### [WHAT YOU NEED TO DO]
Every line below between the line holding "20대 국회 임기 종료를" and the line holding "通过线上和线下基础设施的搭建", inclusive, should be repeated exactly, and all other lines omitted.

### [DATA TO PROCESS]
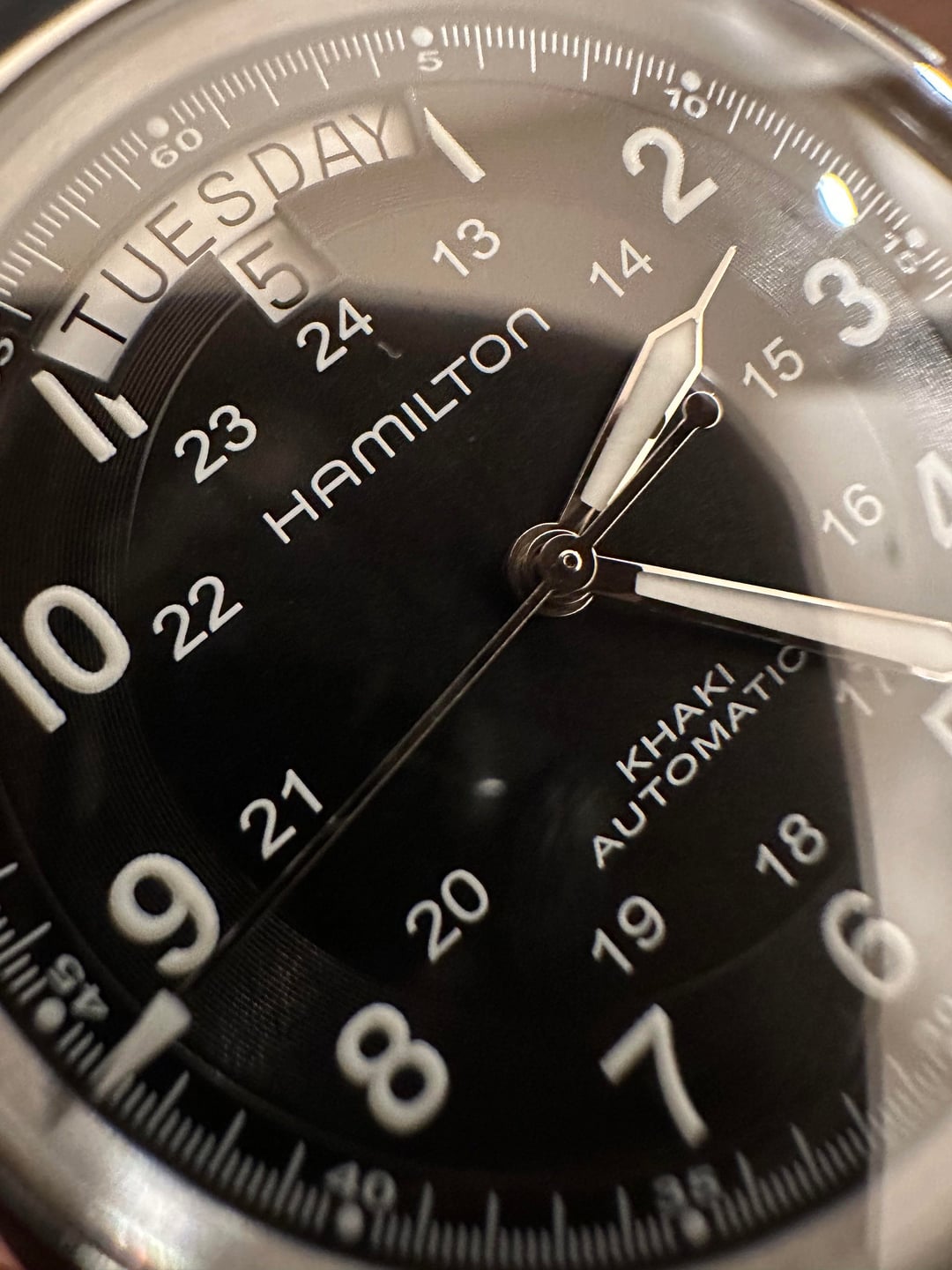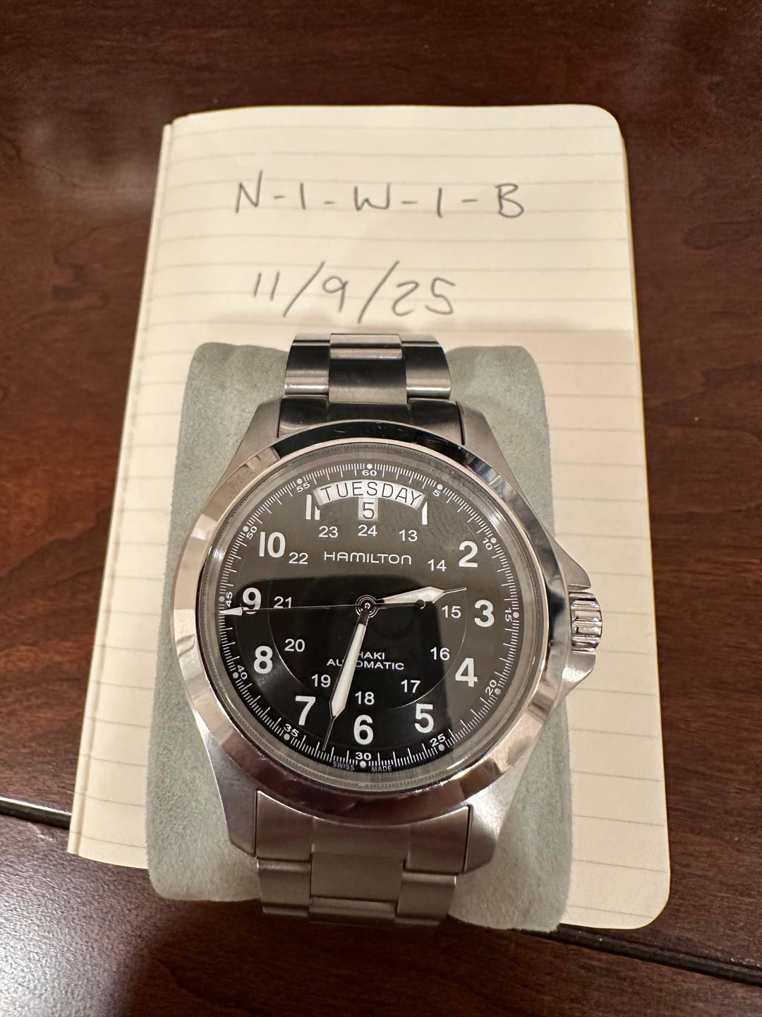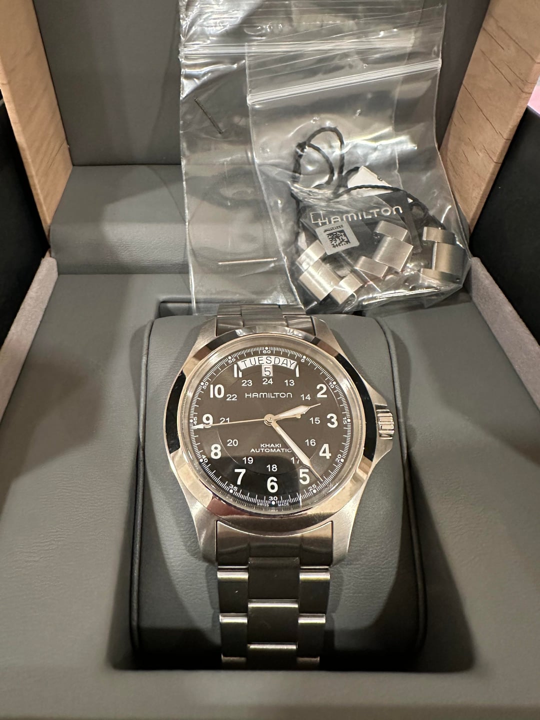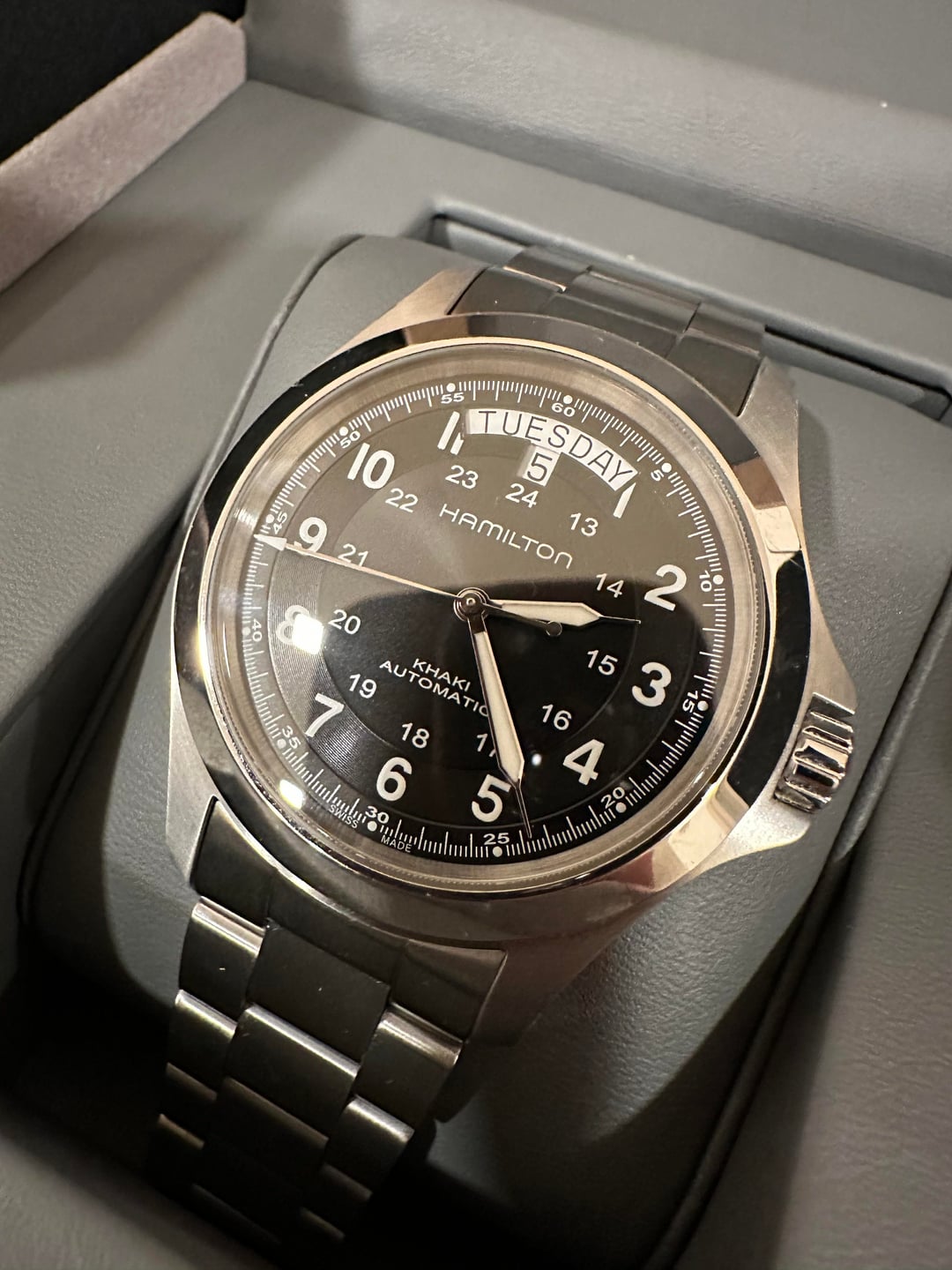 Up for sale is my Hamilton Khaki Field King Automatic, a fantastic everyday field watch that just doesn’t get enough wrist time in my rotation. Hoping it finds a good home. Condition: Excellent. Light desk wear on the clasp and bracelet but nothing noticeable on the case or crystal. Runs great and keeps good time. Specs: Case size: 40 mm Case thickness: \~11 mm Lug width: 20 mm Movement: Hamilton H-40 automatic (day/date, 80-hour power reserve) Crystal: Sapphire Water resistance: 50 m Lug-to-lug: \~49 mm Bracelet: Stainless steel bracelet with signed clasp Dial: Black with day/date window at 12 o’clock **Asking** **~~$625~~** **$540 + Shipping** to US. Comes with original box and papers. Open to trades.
==
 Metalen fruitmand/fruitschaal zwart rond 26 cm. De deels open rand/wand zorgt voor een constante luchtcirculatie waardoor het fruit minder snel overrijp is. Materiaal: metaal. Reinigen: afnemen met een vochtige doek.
...
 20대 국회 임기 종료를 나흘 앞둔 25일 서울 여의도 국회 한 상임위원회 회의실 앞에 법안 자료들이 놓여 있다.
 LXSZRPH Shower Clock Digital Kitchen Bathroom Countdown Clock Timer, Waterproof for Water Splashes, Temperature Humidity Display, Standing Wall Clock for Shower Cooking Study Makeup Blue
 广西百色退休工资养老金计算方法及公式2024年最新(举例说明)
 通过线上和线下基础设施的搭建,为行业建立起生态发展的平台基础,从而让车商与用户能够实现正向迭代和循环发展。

### [YOUR RESPONSE]
 20대 국회 임기 종료를 나흘 앞둔 25일 서울 여의도 국회 한 상임위원회 회의실 앞에 법안 자료들이 놓여 있다.
 LXSZRPH Shower Clock Digital Kitchen Bathroom Countdown Clock Timer, Waterproof for Water Splashes, Temperature Humidity Display, Standing Wall Clock for Shower Cooking Study Makeup Blue
 广西百色退休工资养老金计算方法及公式2024年最新(举例说明)
 通过线上和线下基础设施的搭建,为行业建立起生态发展的平台基础,从而让车商与用户能够实现正向迭代和循环发展。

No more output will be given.